● TASK REQUIREMENTS
For this exercise, write out the whole listing below exactly, omitting its images.

● SUPPLIED INFORMATION

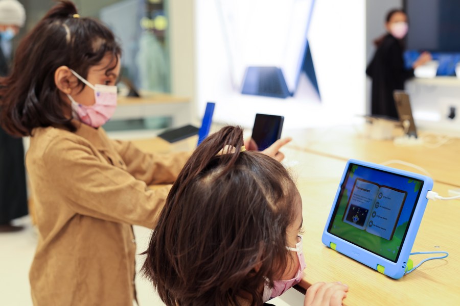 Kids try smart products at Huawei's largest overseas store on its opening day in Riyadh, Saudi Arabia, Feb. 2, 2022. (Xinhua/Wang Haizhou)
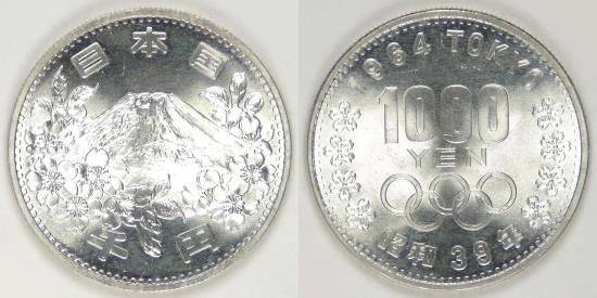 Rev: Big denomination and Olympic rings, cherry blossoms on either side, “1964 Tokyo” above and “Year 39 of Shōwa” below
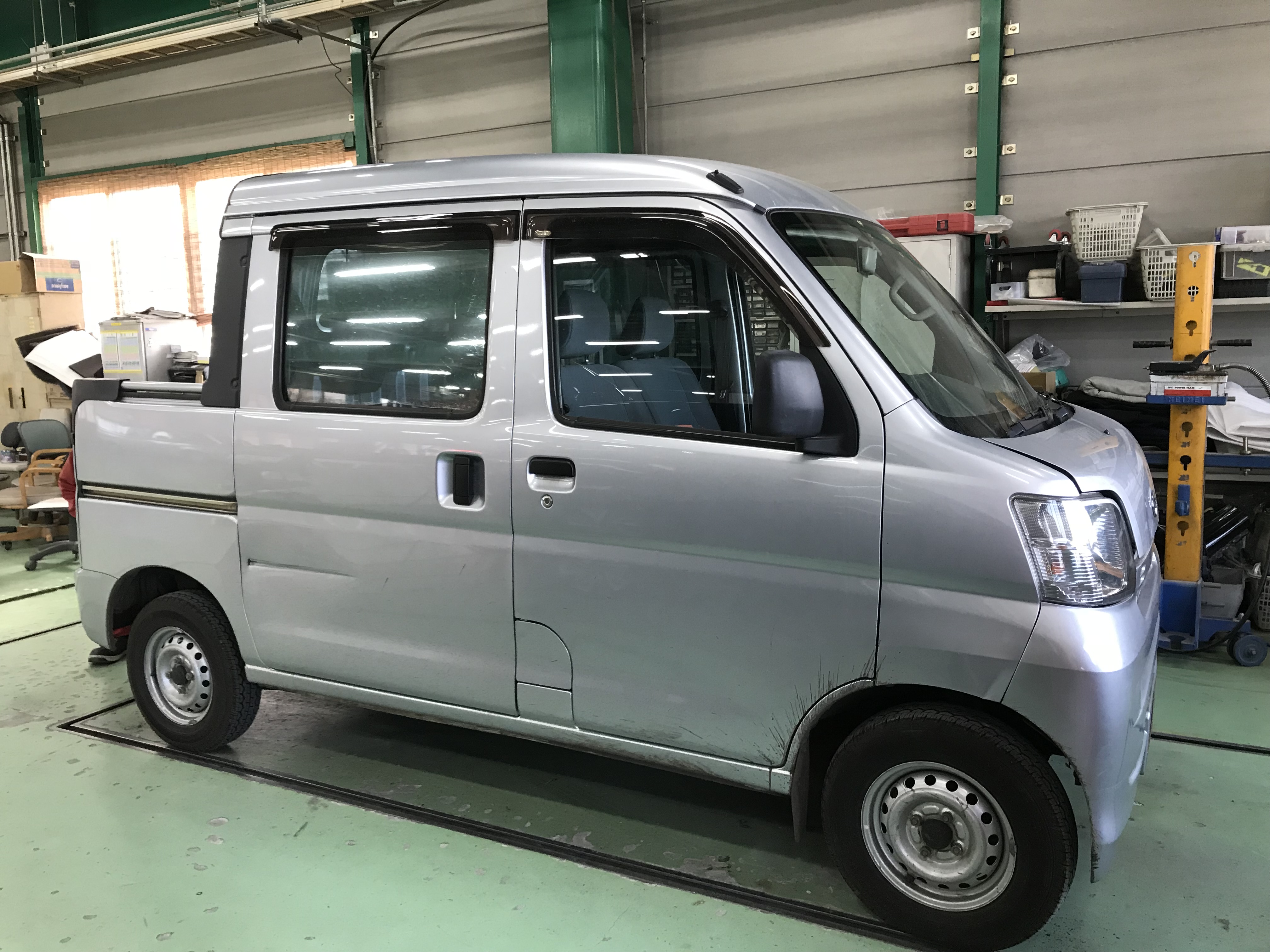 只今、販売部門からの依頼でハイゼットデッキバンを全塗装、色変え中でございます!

● OUTPUT FOR THIS TASK
 Kids try smart products at Huawei's largest overseas store on its opening day in Riyadh, Saudi Arabia, Feb. 2, 2022. (Xinhua/Wang Haizhou)
 Rev: Big denomination and Olympic rings, cherry blossoms on either side, “1964 Tokyo” above and “Year 39 of Shōwa” below
 只今、販売部門からの依頼でハイゼットデッキバンを全塗装、色変え中でございます!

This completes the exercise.